# Derivative of root(x)+1/root(x)

Here, we will find the derivative of root x+1/root x with respect to x. In the end, we will also evaluate this derivative at x=1.

For more details of square roots, please click on the page Square Root of x: Definition, Symbol, Graph, Properties, Derivative, Integration

## Root(x)+1/Root(x) Derivative

Question: Find the derivative of $\sqrt{x}+\frac{1}{\sqrt{x}}$

At first, we will rewrite the given quantity $\sqrt{x}+\frac{1}{\sqrt{x}}$ using the rule of exponents. So we have

$\sqrt{x}+\frac{1}{\sqrt{x}}$

$=x^{1/2}+\frac{1}{x^{1/2}}$

$=x^{1/2}+x^{-1/2}$ …(i)

Thus, the desired derivative is

$=\dfrac{d}{dx}(\sqrt{x}+\frac{1}{\sqrt{x}})$

$=\dfrac{d}{dx}(x^{\frac{1}{2}}+x^{-\frac{1}{2}})$ by (i)

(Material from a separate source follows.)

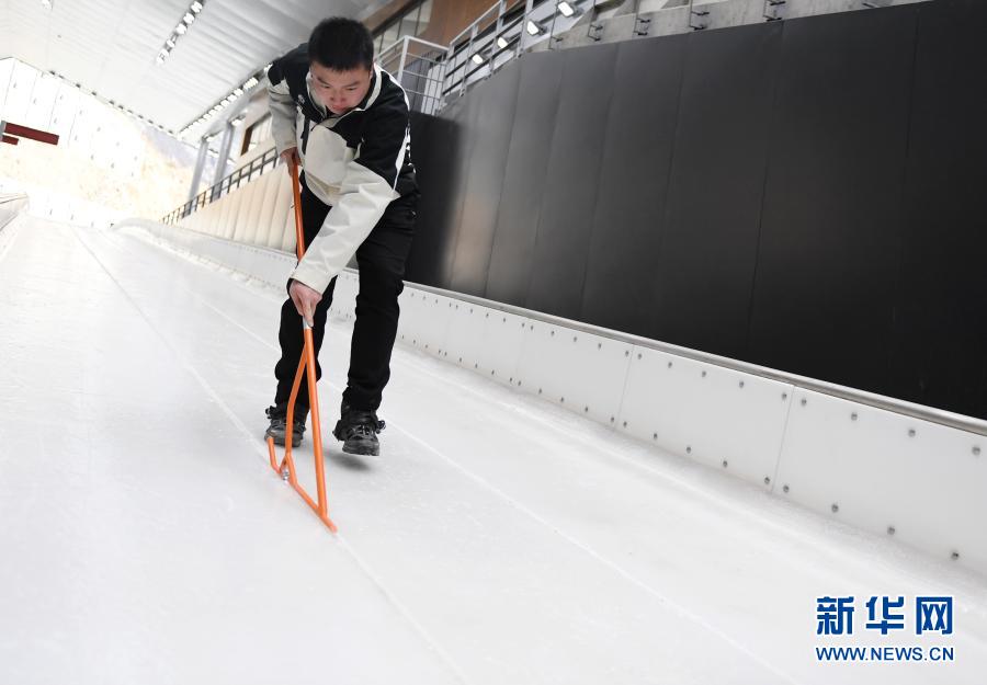 制冰師朱永濤在國家雪車雪橇中心給冰面開槽(1月27日攝)。朱永濤,29歲,是中國第一支雪車雪橇賽道專業(yè)制冰隊伍的一名制冰師。朱永濤和隊友最重要的工作,就是把賽道平整度和光滑度手工打磨至最佳狀態(tài),供在這里訓練的中國國家隊安全使用。隨著冬奧會的腳步臨近,今年他又一次不能回到老家河南安陽過年。朱永濤說“2021年將是逐夢的一年。希望和隊友一起,把賽道維護保養(yǎng)得更漂亮、更平滑,也希望可以和國際制冰師學到更多制冰技術(shù),期待2020年北京冬奧會取得圓滿成功,希望中國運動員能夠在國家雪車雪橇中心這條我們自己建的賽道、我們親手制作出來的冰面上獲得金牌?!?/p>
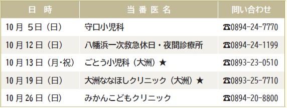 11月以降の当番医は市HPをご覧ください。

$=\dfrac{d}{dx}(x^{\frac{1}{2}})+\frac{d}{dx}(x^{-\frac{1}{2}})$

$=\dfrac{1}{2} x^{\frac{1}{2} -1} -\frac{1}{2} x^{-\frac{1}{2} -1}$

[by the power rule of derivatives $\frac{d}{dx}(x^n) = nx^{n-1}$]

$=\dfrac{1}{2} x^{-\frac{1}{2}} -\frac{1}{2} x^{-\frac{3}{2}}$

$=\dfrac{1}{2} [\frac{1}{x^{\frac{1}{2}}} – \frac{1}{x^\frac{3}{2}}]$

$=\dfrac{1}{2} [\frac{1}{x^{\frac{1}{2}}} -\frac{1}{x.x^{\frac{1}{2}}}]$

$=\dfrac{1}{2} [\frac{1}{\sqrt{x}} -\frac{1}{x\sqrt{x}}]$

$=\frac{1}{2\sqrt{x}} [1 -\frac{1}{{x}}]$

So the derivative of rootx+1/rootx is $=\frac{1}{2\sqrt{x}} [1 -\frac{1}{{x}}]$, that is,

d/dx(√x+1/√x) = (1/2√x) [1 -1/x].

Integration of Root x

Question: Find the derivative of $\sqrt{x}+\frac{1}{\sqrt{x}}$ at $x=1$

We have obtained the derivative of root x +1/root x above. So putting $x=1$ in the above derivative, we will get the answer.

$\dfrac{d}{dx}[\sqrt{x}+\frac{1}{\sqrt{x}}]$ at $x=1$

$=\frac{1}{2\sqrt{x}} [1 -\frac{1}{x}]$ at x=1

$=\frac{1}{2\sqrt{1}} [1 -\frac{1}{1}]$

$=\dfrac{1}{2}[1-1]$

$=0$

## Derivative of root x -1

The derivative of root(x)-1 is equal to

$\dfrac{d}{dx}(\sqrt{x}-1)$ $=\dfrac{d}{dx}(\sqrt{x}) – \dfrac{d}{dx}(1)$

$=\dfrac{1}{2} x^{\frac{1}{2} -1}-0$ as the derivative of a constant is zero.

$=\dfrac{1}{2}x^{-\frac{1}{2}}$

$=\frac{1}{2\sqrt{x}}$

Related Keywords:

√x+1/√x differentiate | root x + 1/root x differentiation | derivative of root x + 1 by root x

## FAQs

Q1: Find the derivative of rootx+1/rootx.

Answer: The derivative of rootx+1/rootx is equal to $=\frac{1}{2\sqrt{x}} [1 -\frac{1}{{x}}]$.